Objective
We sought to compare the rates of superimposed preeclampsia and adverse outcomes in women with chronic hypertension with or without prior preeclampsia.
Study Design
We conducted secondary analysis of 369 women with chronic hypertension (104 with prior preeclampsia) enrolled at 12-19 weeks as part of a multisite trial of antioxidants to prevent preeclampsia (no reduction was found). Outcome measures were rates of superimposed preeclampsia and other adverse perinatal outcomes.
Results
Prepregnancy body mass index, blood pressure, and smoking status at enrollment were similar between groups. The rates of superimposed preeclampsia (17.3% vs 17.7%), abruptio placentae (1.0% vs 3.1%), perinatal death (6.7% vs 8.7%), and small for gestational age (18.4% vs 14.3%) were similar between groups, but preterm delivery <37 weeks was higher in the prior preeclampsia group (36.9% vs 27.1%; adjusted risk ratio, 1.46; 95% confidence interval, 1.05–2.03; P = .032).
Conclusion
In women with chronic hypertension, a history of preeclampsia does not increase the rate of superimposed preeclampsia, but is associated with an increased rate of delivery at <37 weeks.
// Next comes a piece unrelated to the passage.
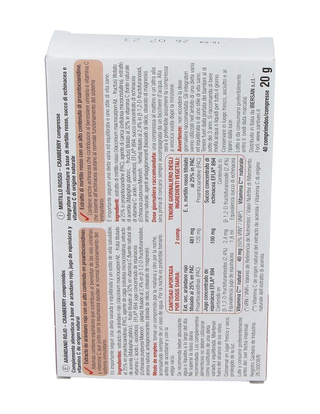 481 mg de extracto seco de arándano rojo titulado al 25% en PAC (proantocianidinas (PAC): 120 mg), 100 mg de jugo concentrado de equinácea (EFLA® 894) titulado al 2,4 % en 1,2-D-fructofuranósidos (1,2-D-fructofuranósidos: 2,4 mg) equivalentes a 1,8 ml de jugo fresco de equinácea, 40 mg (50% VRN) de Vitamina C natural procedente del extracto de acerola.

Chronic hypertension is a relatively common disorder occurring in approximately 1-5% of pregnant women. The incidence depends on the woman’s age, body mass index (BMI), ethnic origin, and the presence of associated medical disorders such as renal disease, diabetes mellitus, and connective tissue disease. Because of the current trend of childbearing at an older age and the epidemic of obesity and type 2 diabetes worldwide, it is expected that the prevalence of chronic hypertension in pregnancy will continue to increase.
There are numerous studies describing an increased rate of preeclampsia in women with chronic hypertension. In addition, the findings of these studies emphasize that the development of superimposed preeclampsia is associated with high rates of adverse pregnancy outcomes. In women without chronic hypertension, the risk of preeclampsia is increased with a history of preeclampsia, advanced maternal age, and increased BMI, whereas it is reduced in those who smoke during pregnancy. Despite the extensive research on the rate of superimposed preeclampsia and associated adverse outcome related to superimposed preeclampsia in women with chronic hypertension, there are limited data on risk factors for superimposed preeclampsia in such women, and there are no data evaluating the impact of prior preeclampsia on adverse pregnancy outcome in women with chronic hypertension.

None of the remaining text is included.